PayPal dropped out of Facebook's digital currency project Libra on Friday, the Wall Street Journal reports.

Why it matters: Facebook’s cryptocurrency plans have come under scrutiny from regulators across the globe. Now, some of its provisional partners appear to be having second thoughts.

Background: Earlier this week, the Wall Street Journal reported that Visa, MasterCard and others were reconsidering their positions in Libra, but Facebook still plans to forge ahead.

  • Representatives from the companies are scheduled to meet in Geneva on Oct. 14 to review a charter for a group called the Libra Association, a collection of more than 2 dozen backers, and appoint a board of directors.
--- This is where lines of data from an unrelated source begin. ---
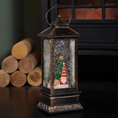 Bring a touch of nostalgic festive charm to your home with this 28cm Light Up Antique Lantern Christmas Water Spinner with Snowy Gonk Scene. Designed with a beautiful antique effect lantern finish, this decorative piece captures the warmth and magic of a traditional Christmas.. Inside the lantern, a delightful festive scene comes to life, featuring an adorable Gonk dressed like Santa, surrounded by gently swirling snow glitter and a classic Christmas tree. The lantern illuminates with warm white LEDs, casting a soft, cosy glow that enhances the festive scene and makes it perfect for displaying on most suitable flat surfaces.. For ease and convenience, the water spinner is battery operated and requires 3 x @@@G9FgIfs6ATiyq4K6JDdsqZSTreItRC4N@@@ batteries (not included), allowing you to place it anywhere without the need for cables. It also includes a built in timer function, operating on 6 hours on and 18 hours off.. Suitable for indoor use only.. Product Specifications. Warm White LEDs. Height: 28cm Width: 12cm. Requires 3 x AA Batteries. Timer Function 6 hours on 18 hours off
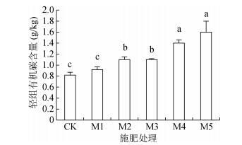 图 5 不同施肥处理对土壤轻组有机碳含量的影响 |
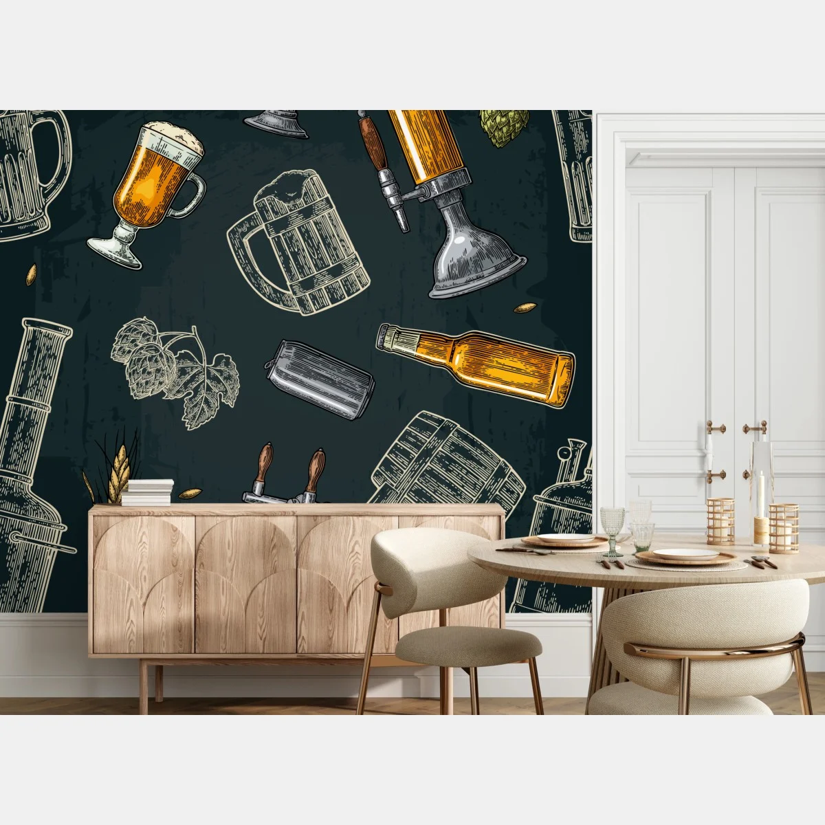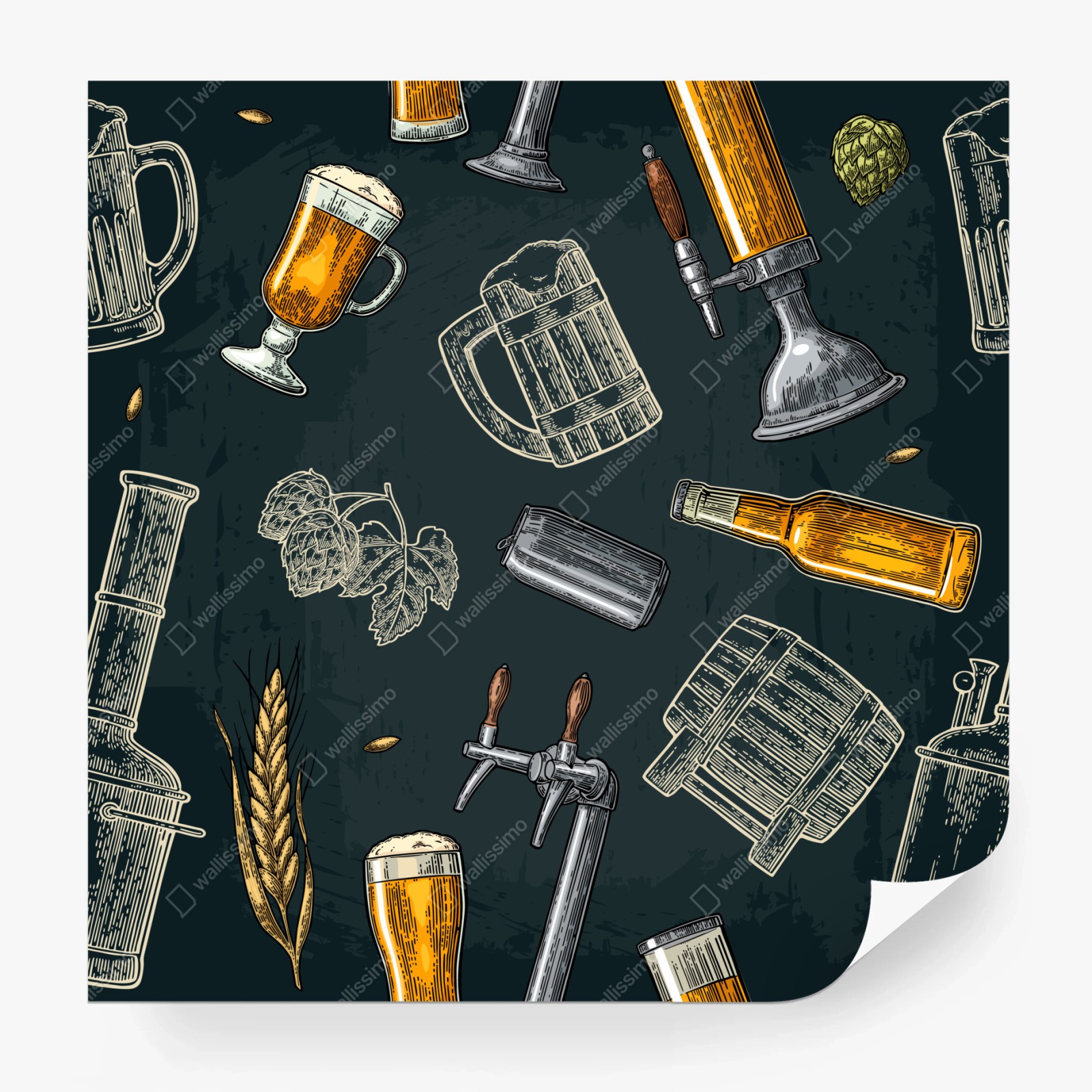 Wall mural Vintage beer brewery pattern
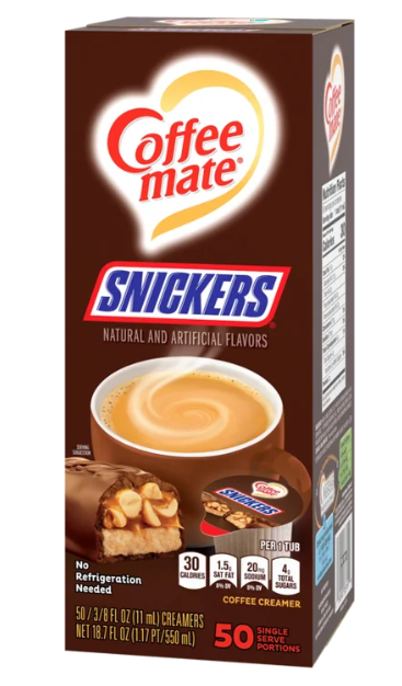 Sweet, convenient, and candy-inspired — Coffee Mate Snickers Non-Dairy Creamer Tubs make every coffee break feel like a treat.
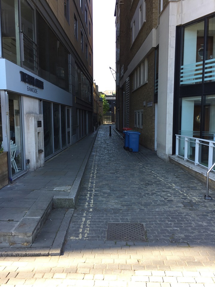 The Native Bankside property is currently behind Porky’s BBQ and a Starbucks. At the end of the alley is Pizza Express and a Greek Restaurant next to EAT and other food outlets. CoOp, Sainsbury and Tesco markets are each a 10 minute walk (next to and across from the Blue Fin building and Hilton Bankside). Early morning views below –

The impact per WSJ: "Without a network of financial partners that could help transfer currencies into Libra and global retailers to accept it as a form of payment, Libra’s reach would be limited."

What they're saying:

David Marcus, Facebook executive leading the Libra effort and former president of PayPal, defended the cryptocurrency-based payments network on Wednesday in a Twitter thread, calling WSJ's initial reporting "BS":

"The tone of some of this reporting suggests angst, etc... I can tell you that we're very calmly, and confidently working through the legitimate concerns that Libra has raised by bringing conversations about the value of digital currencies to the forefront."

Dante Disparte, head of policy and communications for the Libra Association:

"We recognize that change is hard, and that each organization that started this journey will have to make its own assessment of risks and rewards of being committed to seeing through the change that Libra promises."

PayPal: "We remain supportive of Libra’s aspirations and look forward to continued dialogue on ways to work together in the future. Facebook has been a longstanding and valued strategic partner to PayPal, and we will continue to partner with and support Facebook in various capacities."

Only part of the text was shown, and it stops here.